Exercise details:
Reproduce exactly, and solely, the lines running from the top of the data below through the line with "Bandinelli Baccio - Christus", both inclusive. Omit pictures.

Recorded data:
= = = = =

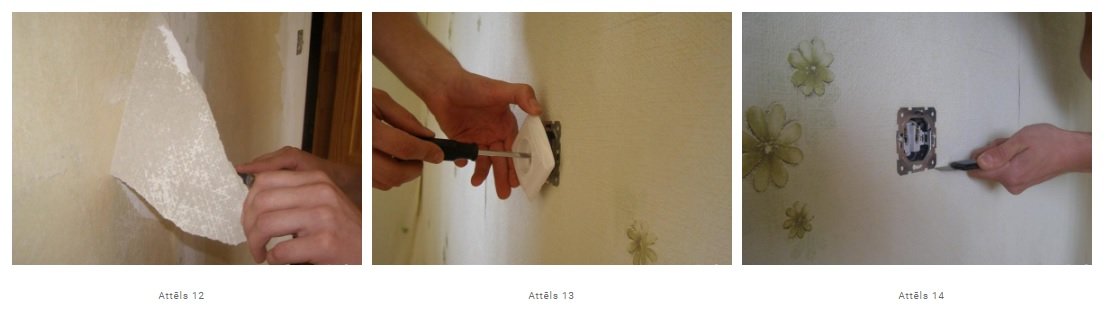 Kontaktiem un slēdžiem noņemam dekoratīvos paneļus (12.att) un ar papīra nazīti apgriežam apkārt tā metāla rāmītim (13.att). Pēc tam tapeti samitrinam (elektrībai jābūt izslēgtai) un noplēšam (14.att). Šādi rīkojoties, kontakts nebūs jāizņem no tā ligzdas un pēc tam jāievieto atpakaļ, kas, kā zināms, ne vienmēr notiek tik gludi, cik mēs vēlētos.
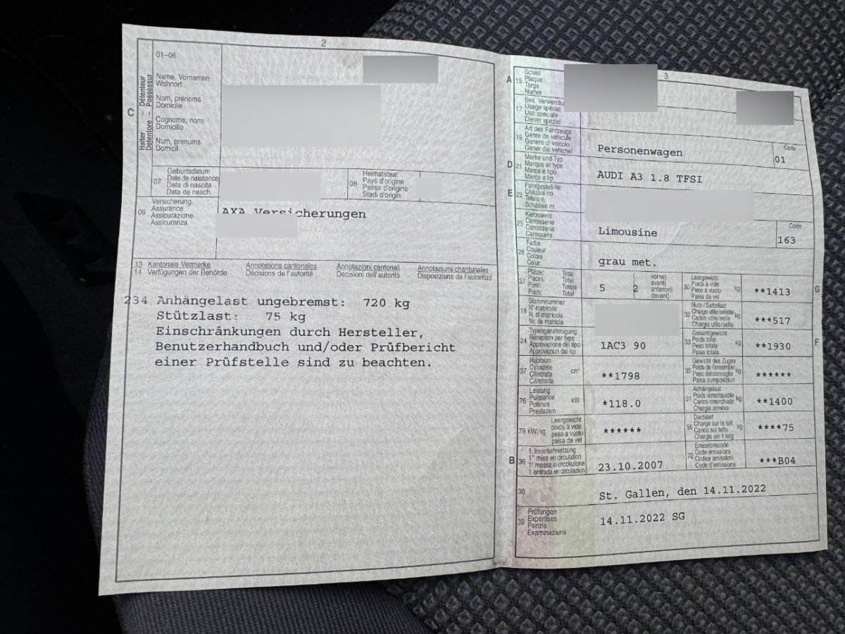 | Fahrzeugausweis | Vorhanden |
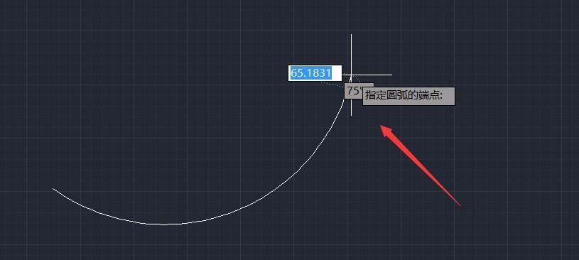 6、在第二個點的為點擊鼠標左鍵,就得到了一段圓弧,如圖所示:
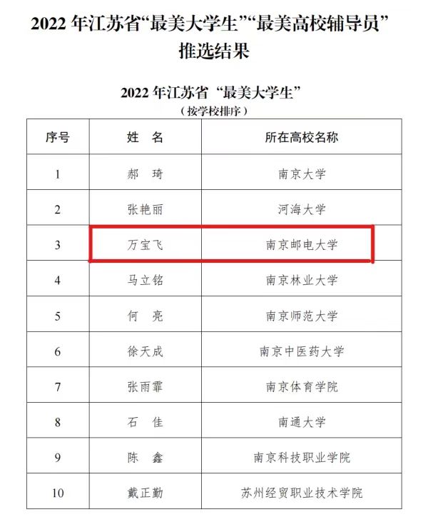 近日,江苏省委教育工委、江苏省教育厅公布第十二届“江苏省大学生年度人物和高校辅导员年度人物”暨2022年“最美大学生”“最美高校辅导员”推选结果,经过学校推荐、材料审核、专家初评、风采展评等多个环节角逐,我校电子与光学工程学院、柔性电子(未来技术)学院2018级本科生万宝飞荣获2022年江苏省“最美大学生”称号(全省共10名),这也是我校连续两年获此殊荣。
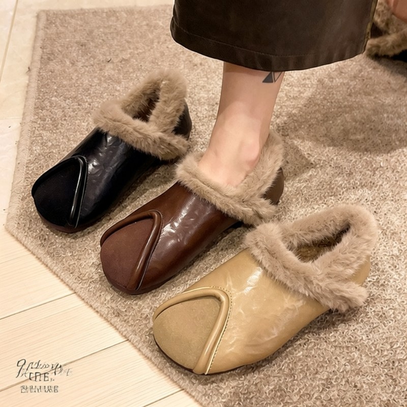 小众复古毛毛鞋女冬外穿2025新款可踩跟两穿加绒豆豆鞋保暖棉瓢鞋
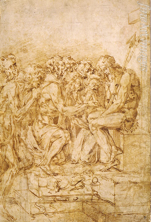 Bandinelli Baccio - Christus mit Sinnbilder der Passion, von sieben Figuren umgeben
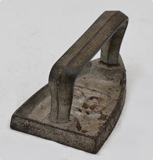 Flachbügeleisen (Kinderbügeleisen) mit Eisenbügel mit gerader und flacher Oberseite. Auf der Oberseite des Eisens als Gussmarke die Buchstaben PC. Sehr einfaches kleines Flacheisen, das auf der Herdplatte oder an einem Bügeleisenofen erhitzt werden musste. Das leichte Flachbügeleisen gehört zu den massiven Volleisen, die aus Eisen oder Stahlgeschmiedet oder gegossen und bereits ab dem 18. Jh. hergestellt wurden. Auf Grund seines geringen Gewichts und seiner flachen Sohle, die nahezu mühelos über die vorher mit Wasser besprengte Wäsche gleitet, erfreute es sich noch weit bis ins 20. Jahrhundert hinein großer Beliebtheit. Das Erhitzen auf dem Kohleofen oder in einer offenen Feuerstelle wie dem Kaminfeuer erforderte jedoch verschiedene Vorsichtsmaßnahmen, um die Bügelwäsche nicht zu beschmutzen oder sich am fest verbundenen Metallgriff zu verbrennen. Viele Büglerinnen wischten daher nach dem Erhitzen des Eisens mit einem Tuch, das sie an ihrer Schürze befestigt hatten, über die Bügelsohle. Als Hitzeschutz wurde oftmals ein dicker Handschuh oder ein Lappen, der um den Griff gewickelt wurde, verwendet.
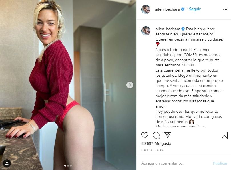 "Está bien querer sentirse bien. Querer estar mejor. Querer empezar a mimarse y cuidarse. No es a todo o nada. Es comer saludable, pero COMER, es movernos de a poco, encontrar lo que te guste, para sentirnos MEJOR", comenzó Ailén en el posteo que realizó en su cuenta oficial de Instagram.
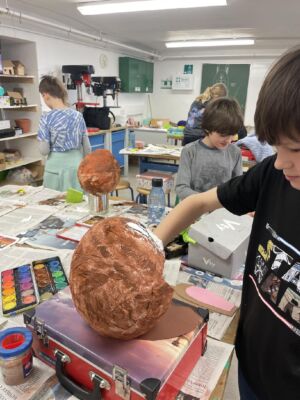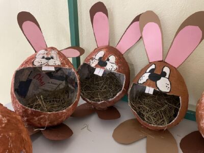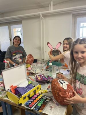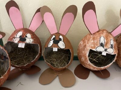 Die Klasse 4a ist bereits voller Vorfreude auf das bevorstehende Osterfest! Mit viel Begeisterung und Kreativität wird fleißig gebastelt. Die Kinder gestalten aus Pappmaché Osternester in fröhlicher Hasenform.

= = = = =

Task result:
 Kontaktiem un slēdžiem noņemam dekoratīvos paneļus (12.att) un ar papīra nazīti apgriežam apkārt tā metāla rāmītim (13.att). Pēc tam tapeti samitrinam (elektrībai jābūt izslēgtai) un noplēšam (14.att). Šādi rīkojoties, kontakts nebūs jāizņem no tā ligzdas un pēc tam jāievieto atpakaļ, kas, kā zināms, ne vienmēr notiek tik gludi, cik mēs vēlētos.
 | Fahrzeugausweis | Vorhanden |
 6、在第二個點的為點擊鼠標左鍵,就得到了一段圓弧,如圖所示:
 近日,江苏省委教育工委、江苏省教育厅公布第十二届“江苏省大学生年度人物和高校辅导员年度人物”暨2022年“最美大学生”“最美高校辅导员”推选结果,经过学校推荐、材料审核、专家初评、风采展评等多个环节角逐,我校电子与光学工程学院、柔性电子(未来技术)学院2018级本科生万宝飞荣获2022年江苏省“最美大学生”称号(全省共10名),这也是我校连续两年获此殊荣。
 小众复古毛毛鞋女冬外穿2025新款可踩跟两穿加绒豆豆鞋保暖棉瓢鞋
 Bandinelli Baccio - Christus mit Sinnbilder der Passion, von sieben Figuren umgeben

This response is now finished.